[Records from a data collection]
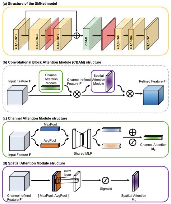The CNN model structure. (a) The structure of the SMNet model. The yellow and red blocks represent convolutional layers and ReLU layers, respectively, while the green block signifies the Convolutional Block Attention Module (CBAM). Convolutional layer notation: k (X1, X2) de-notes kernel sizes of X1 and X2, while chY represents the number of channels as Y. (b) The CBAM structure, (c) channel attention module structure, and (d) spatial attention module structure.
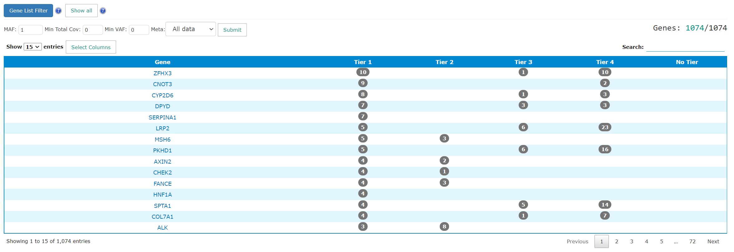 The summary table includes the gene name and the patient count for each tier. The gene name links will direct users to gene summary page. The number in the tiering columns refer to how many patients have mutations in the genes. The link takes users to the gene level mutation pages. The results can be filtered by MAF, coverage, VAF and meta data.
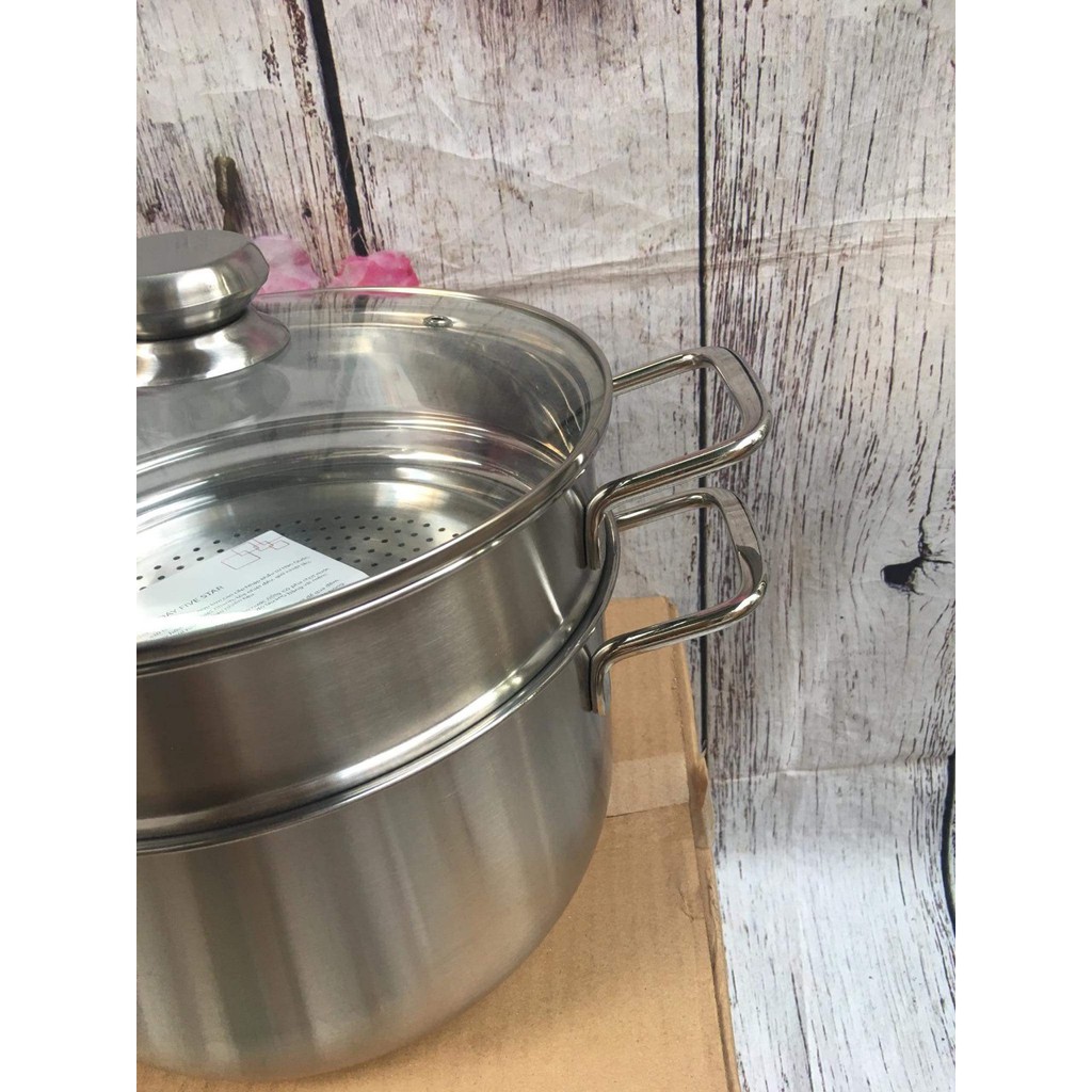 - Bộ nồi xửng bao gồm: 1 nồi đường kính 26cm, 1 xửng hấp đường kính 26cm, 1 nắp thủy tinh đường kính 26cm.
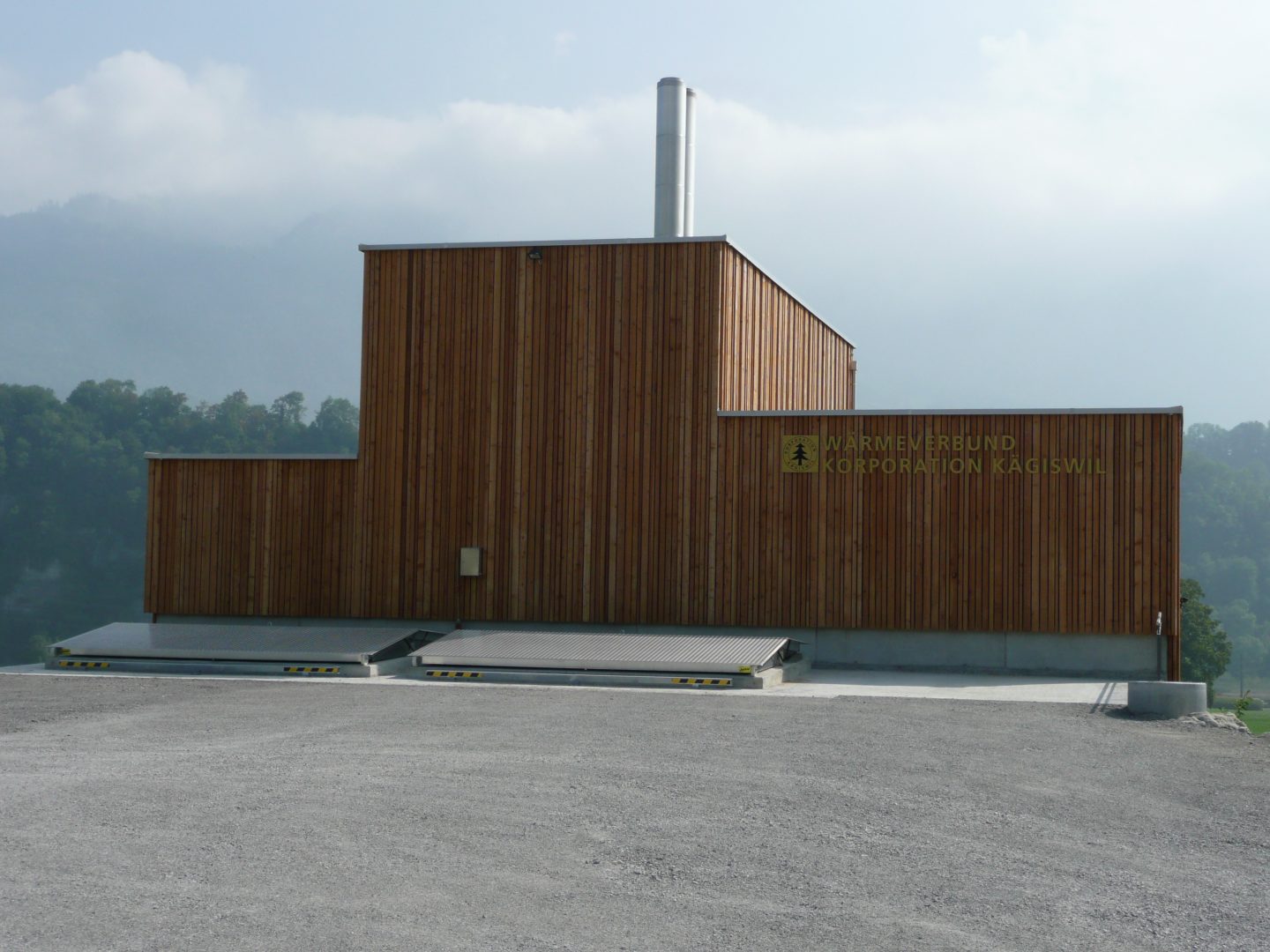 Die neue Schnitzelfeuerung der Korporation Kägiswil kam an den östlichen Rand des Dorfes zu liegen und grenzt an offenes Landwirtschaftsland. Bei der Situierung des Volumens war die Lage der Nachbarbauten und der Grundstückgrenzen ausschlaggebend.
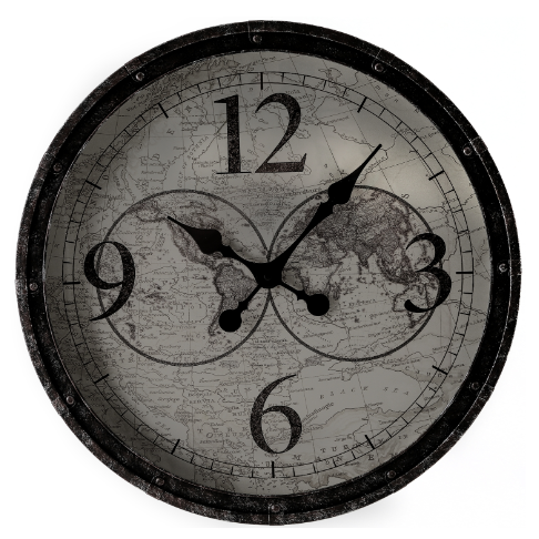 This is the Jensen clock with a distressed metal frame and a map of the world on the face of the clock.
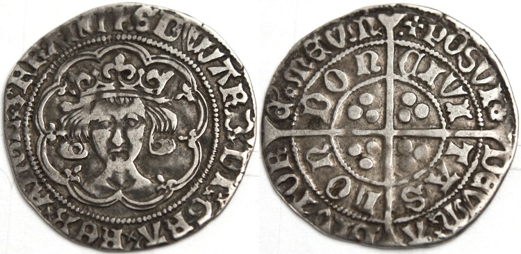 Edward IV second reign (1471-1483) silver London groat, Class XVIIIb, mint mark pierced cross with pellet at side (1477-1480). Obverse: Facing bust, no marks by neck, tressure of nine arcs with fleurs on cusps but not on breast or over crown, double and single saltire stops in legend: "+EDWARDxxDIxxGRAxREXxANGLxZxFRANC". Reverse: Long cross with three pellets in each quarter, double and single saltire stops and rose after "POSVI" and "ADIVTORE", with legends: "+POSVI* | DEVMxxA | DIVTOR | E*MEVMx" and "CIVI | TAS | LON| DON". Nice collectable condition, see photograph. Spink No: S.2098, North Class XVIIIb. Diameter 26.1mm. VF. £275.00 e-mail David at enquiries@abccoinsandtokens.com to order. |
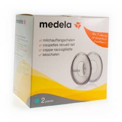 Medela lekschalen hebben een tuitje zodat je de opgevangen moedermelk gemakkelijk kunt weggieten.
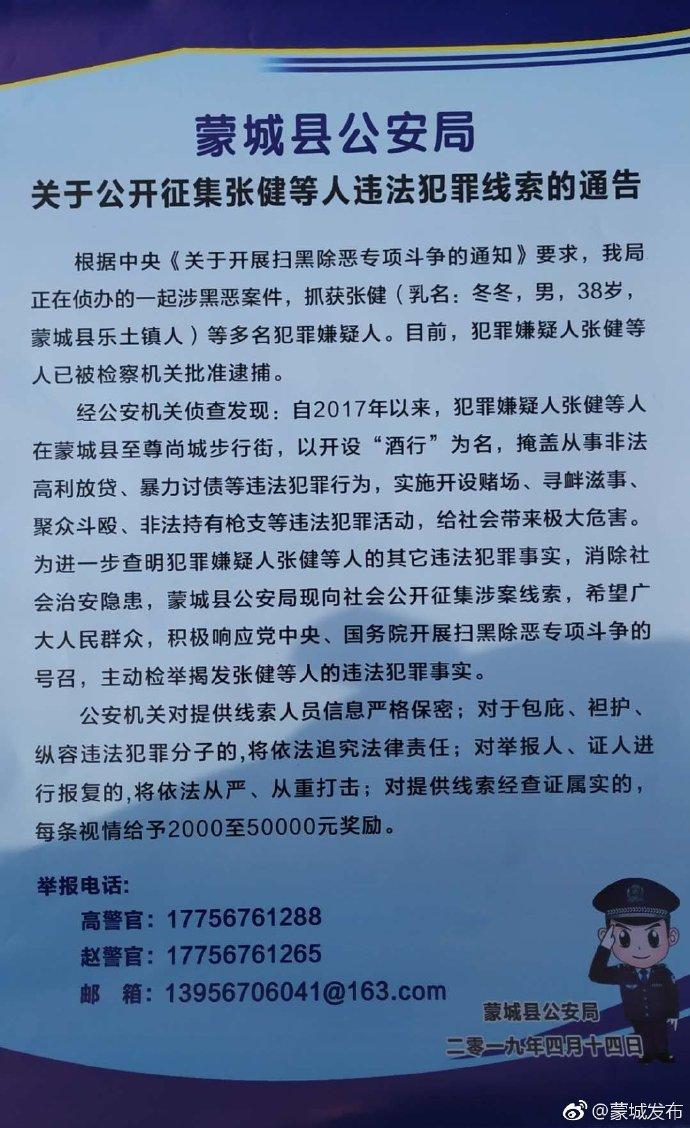 为进一步查明犯罪嫌疑人张健等人的其它违法犯罪事实,消除社会治安隐患,蒙城县公安局现向社会公开征集涉案线索,希望广大人民群众,积极响应党中央、国务院开展扫黑除恶专项斗争的号召,主动检举揭发张健等人的违法犯罪事实。
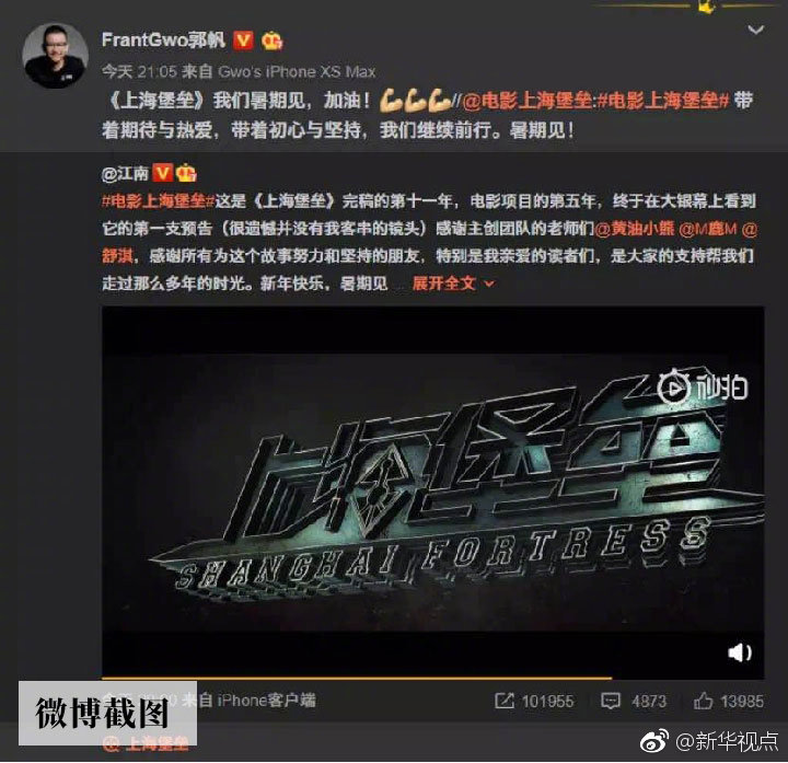 郭帆日前就在微博上轉(zhuǎn)發(fā)了科幻電影《上海堡壘》首個(gè)宣傳片,并表達(dá)對(duì)影片的期待。此片也是由《流浪地球》聯(lián)合出品方之一的騰訊影業(yè)參與出品,預(yù)計(jì)將于今年暑期上映。這種“抱團(tuán)取暖”的作法也讓不少科幻迷在網(wǎng)上津津樂道。
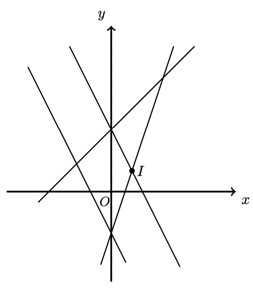 O ponto $I$ é o ponto de interseção de duas dessas retas.
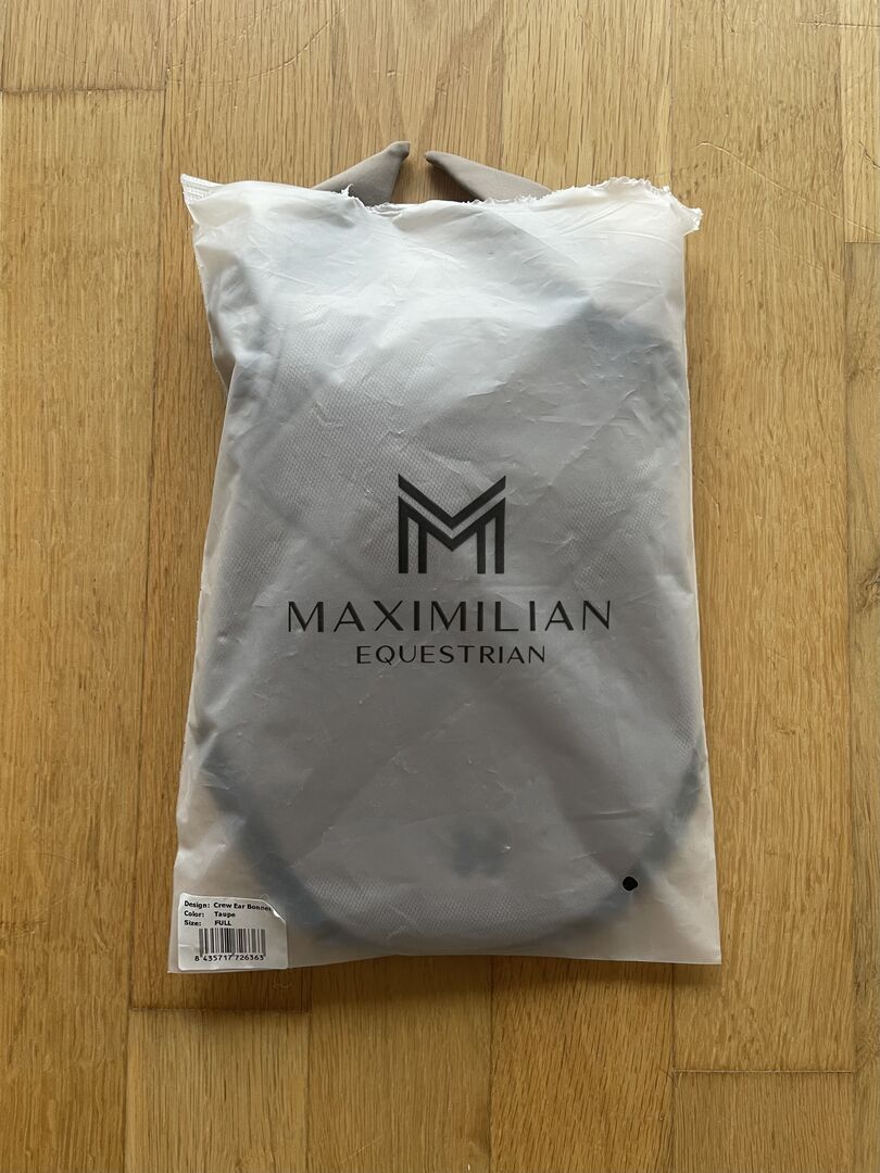 Twee keer gebruikte Maximilian Equestrian vliegenmuts crew in taupe. Geen defecten. NP 39,90€.
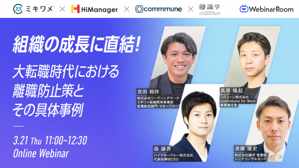 ビジネスマンの役に立つ動画がいつでも無料で観られるウェビナープラットフォーム「Webinar Room(ウェビナールーム)」(https://webinar-room.net/)を運営する株式会社ヒトクセは、2024年3月21日(木)11:00~に株式会社リーディングマーク、ハイマネージャー株式会社、コミューン株式会社、株式会社識学との” 組織の成長に直結!大転職時代における離職防止策とその具体事例”を開催します。
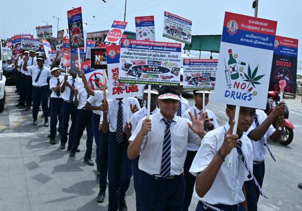 சர்வதேச போதை பொருள் ஒழிப்பு தினத்தை முன்னிட்டு சென்னை மெரினா பட்டினப்பாக்கம் லூப் சாலையில் காவல்துறையினருடன் இணைந்து பள்ளி, கல்லூரி, மாணவ மாணவிகளின் விழிப்புணர்வு பேரணியில் ஏராளமானோர் பங்கேற்றனர்.
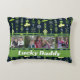 "Lucky pappa" S:t Patrick Dag-kudden. Anpassa den här charmerande designen så att ett lyckligt far kan visa sina barn. Perfekt för ett nytt, modernt, modernt estetiskt. Cute-schampor, fyralöv klöver, blommor och löv som arrangeras i rand utgör detta härliga mönster. Vackra gröntar och gulter med muterade blues gör detta till en levande men sofistikerad och öga-fångstdesign. Anpassa den här kudden med sex (6) foton - tre (3) på framsidan och tre (3) på baksidan. Anpassa texten längst fram och bakåt. Byt pappa till Pappa, Pop, Pappa, Far, Pater eller namn.
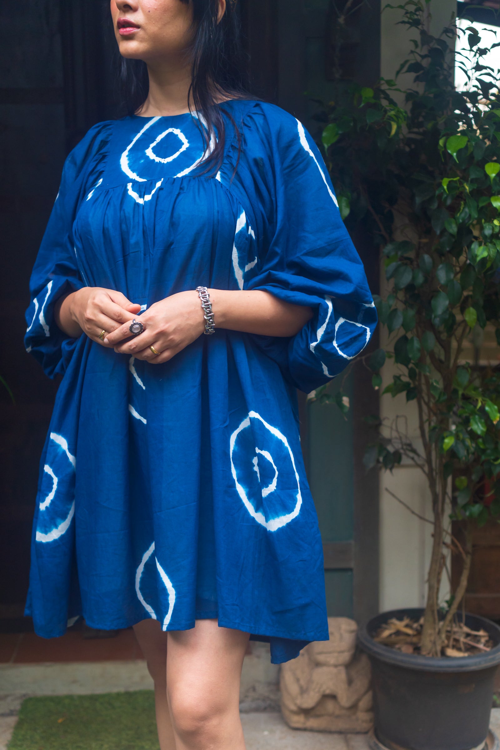 This floaty and flattering short dress is handcrafted in pure cotton and is hand Tie-Dyed using Natural Dye by our artisan partner in Rajasthan. It has two in-seam pockets on either side and balloon sleeves with elastic cuffs. Whether you're hitting the beach this summer or having fun picnics, this vibrant dress is a must have!
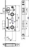 Stavební zadlabávací zámek Hobes K 105 pro cylindrickou vložku o hloubce 60mm, osové vzálenosti 40mm, rozteči 72mm. Povrchová úprava zinek žlutý. Jednozápadový, s otvory pro dělené štíty, bez převodu. Rozměr čela 200*20mm
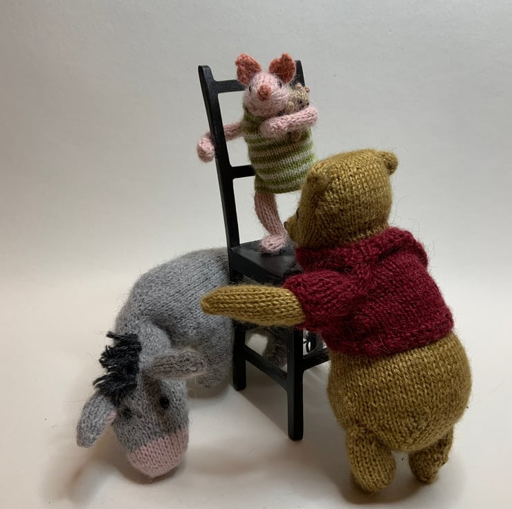 This little donkey is approximately 19 cm long and 7cm tall whilst standing. Please note, there are no wires in this little chap, so he is not as posable as some of the characters. However, he stands on his own and is suitable saggy, just like the Eeyore in the original book.
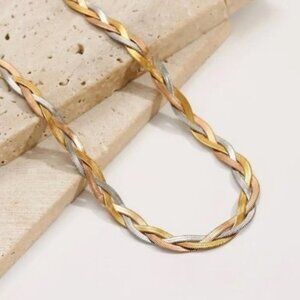 14k Gold Plated Tri-Colored Braided Snake Chain Stainless Steel Necklace
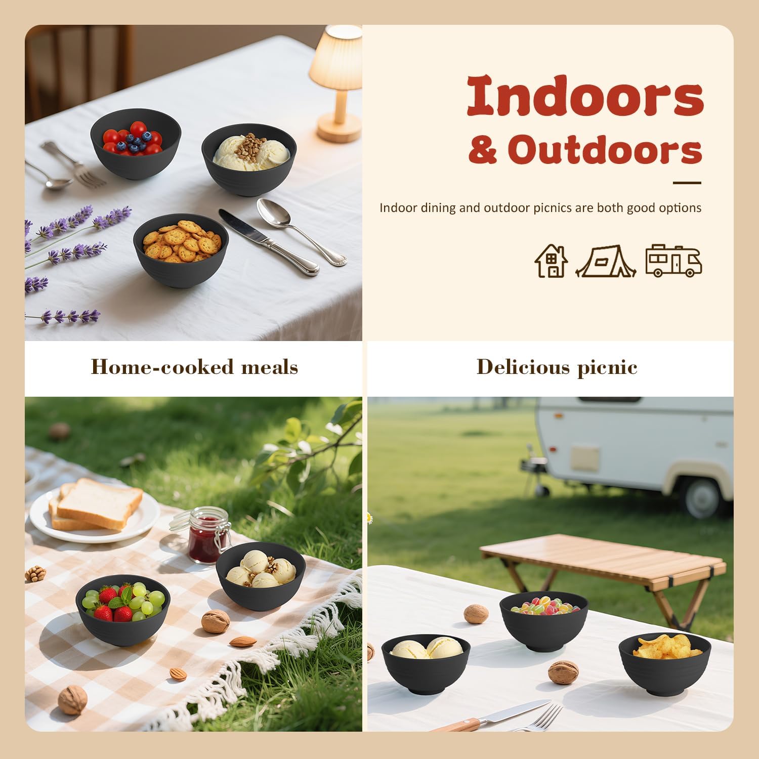 - ใ๐๐ป๐ฑ๐ผ๐ผ๐ฟ๐ & ๐ข๐๐๐ฑ๐ผ๐ผ๐ฟ๐ ๐จ๐๐ถ๐ป๐ดใ- These bowls are lightweight and unbreakable, featuring a smooth surface that makes cleaning effortless. Perfect for camping, RV trips, and outdoor adventures.
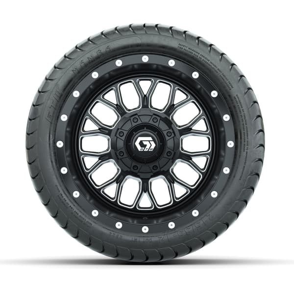 A set of (4) 12-inch GTW® Helix machined face with black golf cart wheels on 215/35-12 (18-Inch) GTW® Mamba Street Tires
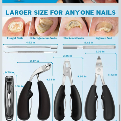 专为中老年人设计的重型脚趾甲钳套装,适用于厚脚趾甲,7合1多功能指甲钳带收集器,专业长柄嵌甲钳,男士适用,指甲修甲足疗套装 $25
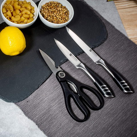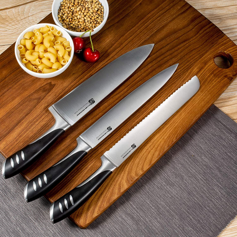 Premium 8-Piece German High Carbon Stainless Steel Kitchen Knives Set with Rubber Wood Block, Professional Double Forged Full Tang Chef Knife Set

**ASSIGNMENT**
Leave out every picture and copy verbatim the lines running from the line containing "- ใ๐๐ป๐ฑ๐ผ๐ผ๐ฟ๐ &" through the final line of the data.

**TASK OUTPUT**
 - ใ๐๐ป๐ฑ๐ผ๐ผ๐ฟ๐ & ๐ข๐๐๐ฑ๐ผ๐ผ๐ฟ๐ ๐จ๐๐ถ๐ป๐ดใ- These bowls are lightweight and unbreakable, featuring a smooth surface that makes cleaning effortless. Perfect for camping, RV trips, and outdoor adventures.
 A set of (4) 12-inch GTW® Helix machined face with black golf cart wheels on 215/35-12 (18-Inch) GTW® Mamba Street Tires
 专为中老年人设计的重型脚趾甲钳套装,适用于厚脚趾甲,7合1多功能指甲钳带收集器,专业长柄嵌甲钳,男士适用,指甲修甲足疗套装 $25
 Premium 8-Piece German High Carbon Stainless Steel Kitchen Knives Set with Rubber Wood Block, Professional Double Forged Full Tang Chef Knife Set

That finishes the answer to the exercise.